Colombia: Cali, Bogotá, & Leticia

Cali Salsa Competition

Cali Salsa Competition

After a quick overnight stay in the colonial town of Popayán, Colombia, Graham and I made a speedy departure the afternoon of May 31st so that we could arrive in Santiago de Cali in time to meet my friend Sean (a guy I met in Mancora, Peru who now lives in Cali) to catch the friendly football/soccer match between Colombia and Senegal.  We watched the match in a bar in the seedy part of town (which is really not unlike the rest of Cali) before traipsing up a nearby hill to reach a people-filled park with beautiful views over the city.  Sean took us to a quirky little roadside cafe with the best arepas (corn flatbread stuffed with deliciousness) I’ve ever eaten.

Salsa!

Salsa!

That night I left Graham to fend for himself at our somewhat-party hostel and joined Sean in Alameda, a barrio known for its nightlife and swinging salsa clubs.  In fact, Cali is known as the World Capital of Salsa, and we spent the evening sipping Poker beer and watching the Caleñas spill out of small sweaty garage-like salsa bars and into the surrounding streets while showcasing their impressive dance moves.  Just another Saturday night in Cali.

Cali Salsa.

Cali Salsa.

Welcome to Bogotá!

Welcome to Bogotá!

The next morning, feeling rather exhausted from my late night of salsa-gazing, I went out for a day of “Tiffany Time,” treating myself to a ladies-who-lunch-esque vegetarian brunch followed by an afternoon steadily losing the plot at La Tertulia Modern Art Museum.  By the time I got back to the hostel, the Sunday night party was in full swing, so after a few so-adolescent-it’s-fun drinking games and pizza, I was convinced to go out to a salsa super-club.  About five minutes after arriving at the cringe-worthy neon-blue sterile A/C pumped club straight out of my worst flashbacks of Dubai circa 2007, I found myself alternating between stifling yawns and wanting to gouge my eye out with the icebreaker; needless to say, I brought out my perfected ninja sneak-out move and was soon back at the hostel,snoozing in my uncomfortable dorm bed.
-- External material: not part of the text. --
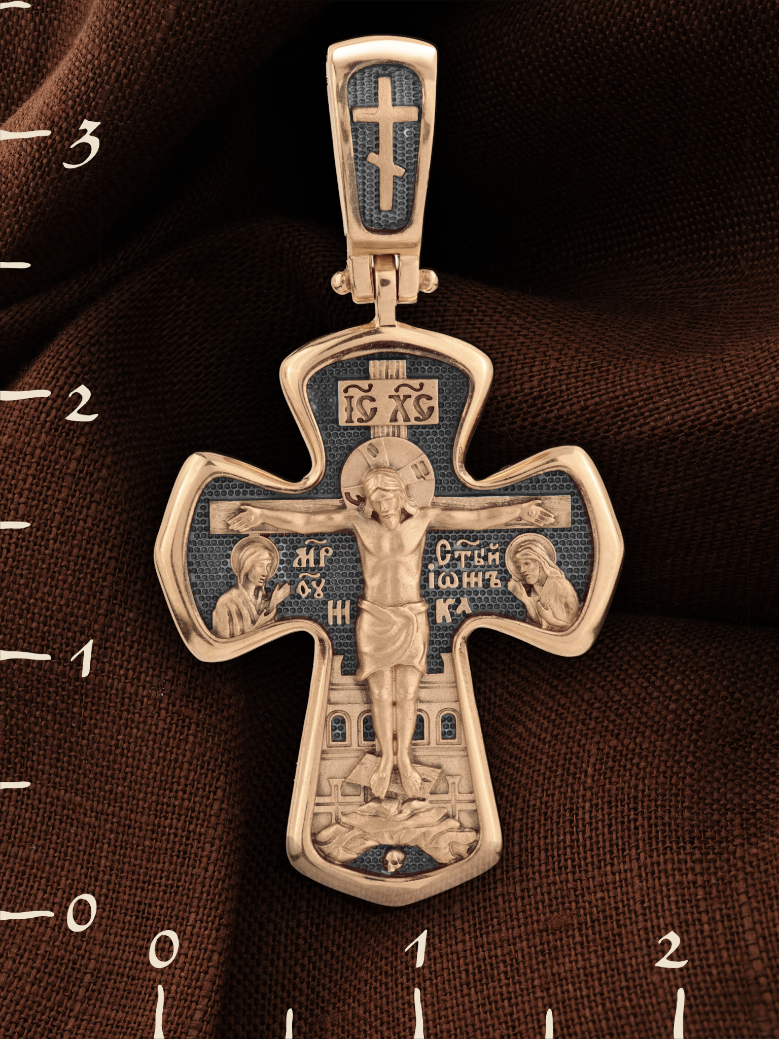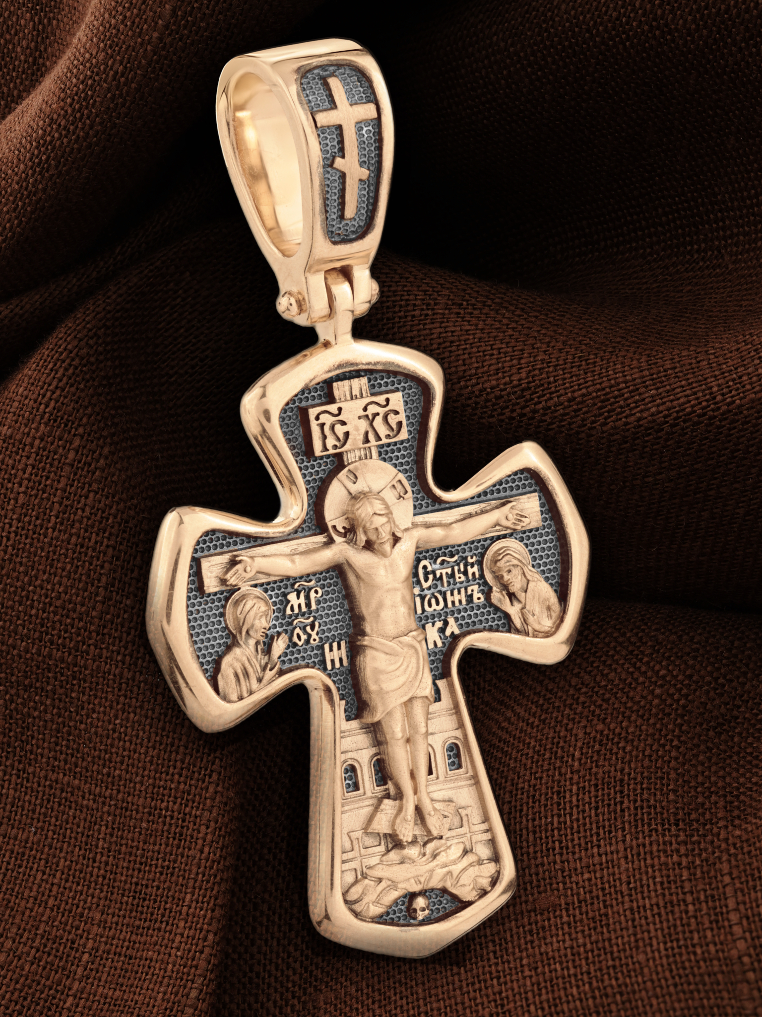 На лицевой стороне креста изображено Распятие Господа и Спасителя нашего Иисуса Христа, отдавшего Себя на смерть, для искупления грехов мира. Господь сказал: кто хочет идти за Мною, отвергнись себя, и возьми крест свой, и следуй за Мною. (Мк. 8: 34). Крест является символом жертвенной любви всеблагого Бога к падшим людям, всепобеждающим духовным оружием христиан, основанием и средоточием церковной жизни. На верхней перекладине помещена надпись «IС» « ХС», что означает Иисус Христос. Ниже — слово «НИКА», что означает «победитель». Слева от Распятия изображена Пресвятая Богородица, справа — апостол и евангелист Иоанн Богослов, один из ближайших учеников Иисуса Христа. За Распятием высится Иерусалимская стена, в знак того, что Господь был распят вне стен города. Возвышение, на котором стоит Крест, символизирует гору Голгофу, на которой произошло Распятие. Под подножием Креста изображена покоящаяся голова (череп) Адама. На кулонном кольце помещен крест.

Mona Lisa, according to Botero.

Mona Lisa, according to Botero.

The next day, I again met Sean and his roommate Isabel–a professional salsa dancer–at a nearby outdoor theater to check out an annual national salsa competition.  It was incredible to watch the professional dancers do their thing; in other news, I had to stop counting how many wardrobe malfunctions and nip slips I witnessed.  It was a great day, and we spent a lazy evening hanging out at Sean and Isabel’s flat.

I Heart Barcelona Artist Miró

Barcelona Artist Joan Miró

The following afternoon, after relaxing in the hostel and working on my blog, Graham and I headed to the terminal to catch a night bus to the capital city of Bogotá.  We arrived early the next morning, and after checking into our hostel, we walked to the center of town to explore the Botero Museum.

Picasso!

Picasso!

Fernando Botero is a famous Colombian artist (from Medellín) known for his over-exaggerated, chubby paintings and sculptures of people and figures.  I spent my entire day in that museum, mesmerized, wandering around corridors overflowing with Botero’s art and works by Picasso, Matisse, Dali, and others. Unfortunately, we only had one short day in Bogotá, as we had a flight out the next morning, but I swore that I would make every effort to come back to Bogotá soon.

Botero's Earthquake.

Botero’s Earthquake.

After a short flight, Graham and I arrived the next afternoon–June 5th–in the sticky Colombian Amazon border town of Leticia.  We checked into our hostel and then immediately taxied across the border to the dusty wild-west town of Tabatinga, Brazil to purchase our Amazon boat tickets.  As there was no formal border crossing, we had to make a visit to the local immigration office.  As you may remember, procuring my Brazil visa was a rather easy affair, thanks to my shameless flirting with Flavio at the immigration office in Lima, Peru.

Salvador Dalí

Salvador Dalí

Unfortunately, the guy at the Immigration desk in Tabatinga was not impressed with my All-American blue eyes and accompanying eyelash-batting, and just as I was losing all confidence in legally entering Brazil (I had no yellow fever certificate.  I had no flight out.  I had no idea where I was staying.  I had no idea of my itinerary.  I didn’t have time to make up answers to these questions, as I wrongly assumed flirting would be the answer.), he stamped my passport and shooed me away like a pesky fly.

The next two days were spent sweating, preparing for our upcoming four-day boat ride down the Amazon river, sweating, meeting new friends and fellow boat travel companions, and sweating.  I was on the cusp of a very exciting and unforgettable trip of a lifetime!  World Cup Brazil 2014, here I come!